While doing research for Jainism, I have stumbled across the same introduction to the religion over and over again: non-violence is the highest religion.
man who is averse from harming even the wind knows the sorrow of all things living. . . . He who knows what is bad for himself knows what is bad for others, and he who knows what is bad for others knows what is bad for himself. This reciprocity should always be borne in mind. Those whose minds are at peace and who are free from passions do not desire to live [at the expense of others]. . . . He who understands the nature of sin against wind is called a true sage who understands karma.
In short be who understands the nature of sin in respect of all the six types of living beings is called a true sage who understands karma.
This is essentially a more complex golden rule and while I'm not yet at the point where I am willing to claim that 'The Golden Rule' is the common thread behind every religion (Jainism has taught me the true complexity of spiritualism), I am honest enough to say that some people would do just as well to adhere to that timeless creed than to any religion.
Non-violence is important to everyone, but there's more behind it as expressed through this quote from :
Live and let live. Love all ‑ Serve all.We all know the first part of this concept and since it has become an fairly common idiom to English speakers, we even use it in everyday speech. The second half is actually the more important part on which the entire message hinges.
There's a certain southerner in my family who used to lecture me about accepting people who were different from me.
"Different strokes for different folks," he would say.He usually used it while we were arguing about politics and threw it in there only to end the conversation without having to prove anything. People unfortunately misuse God in this way as well.
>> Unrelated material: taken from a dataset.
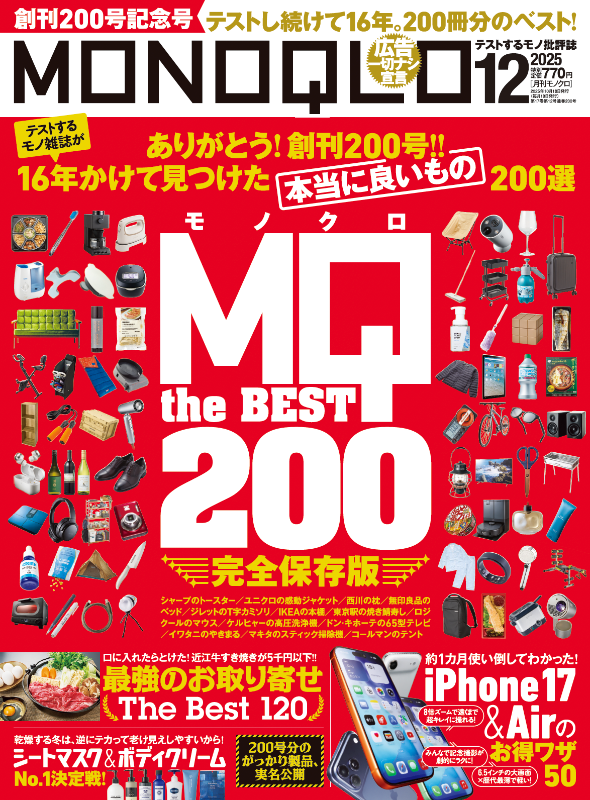 https://prcdn.freetls.fastly.net/release_image/17263/384/17263-384-5ca702dfaeb23c3acc76fbca05dc842b-1108×1532.png The December issue features a special feature on “200th Issue Commemorative MON The Best Best”! After 16 years of testing products, MONOQLO has finally reached its 200th issue this month. As a token of our appreciation to all our readers who have supported the magazine, we have compiled a selection of only the best products. Other articles include “iPhone 17 & Air Tips” and “Top 10 Body Moisturizing Skincare Products.” The December issue will also deliver carefully selected information to update your lifestyle.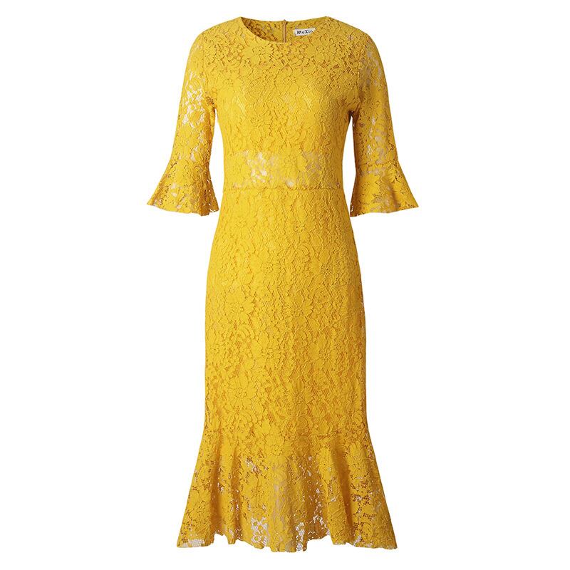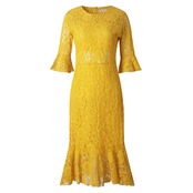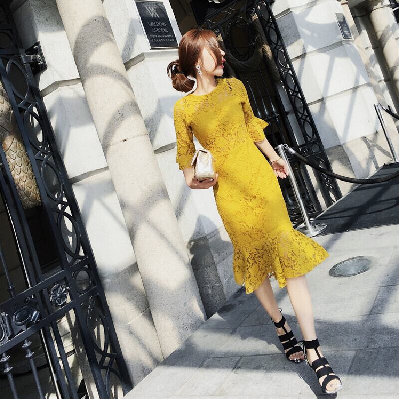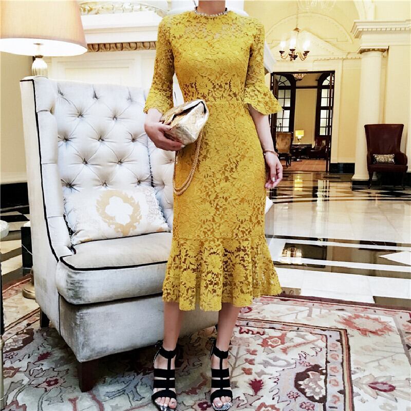 花柄レース透かし彫りトランペットスリーブデートワンピース【DL-2752】

The problem with saying it was a "miracle" is that the conversation stops there. Nothing more (or less) can be added. It's a deflection. The same goes for people using idioms like "different strokes for different folks" and "live and let live." They use them usually as deflections or cheap show-stoppers, but have essentially divorced themselves from what it means to live and let live. They have omitted love.
One could easily alter the expression and make it "love and let live", but Olivia Newton-John ruined that one with an awful song that has nothing to do with what I'm saying. For people to truly live and let live they must love unconditionally. They must love other humans as they love animals and insects. They must love the earth as they love their own soul. We should love not because we're told to or because our soul will transmigrate in a certain direction. We should love because every single one of us want the same thing in life: peace.
All beings hate pain, therefore one should not hurt or kill them.After meditating this evening, I think I got a clearer picture of what the Jain approach to "live and let live" actually is. I think we need to switch the whole thing around.
Live and let live
We should all strive for love, but not the love that we can feel personally. Rather, we should first strive for others' love and not for own. Once everyone else knows love then we can enjoy the emotion with them in its pure form. This scenario is the only way for us to truly live and let live. It's not an deflection or a cheap way to make yourself appear open-minded. It's the only way to achieve peace.
The question is, how easy is it to put into action?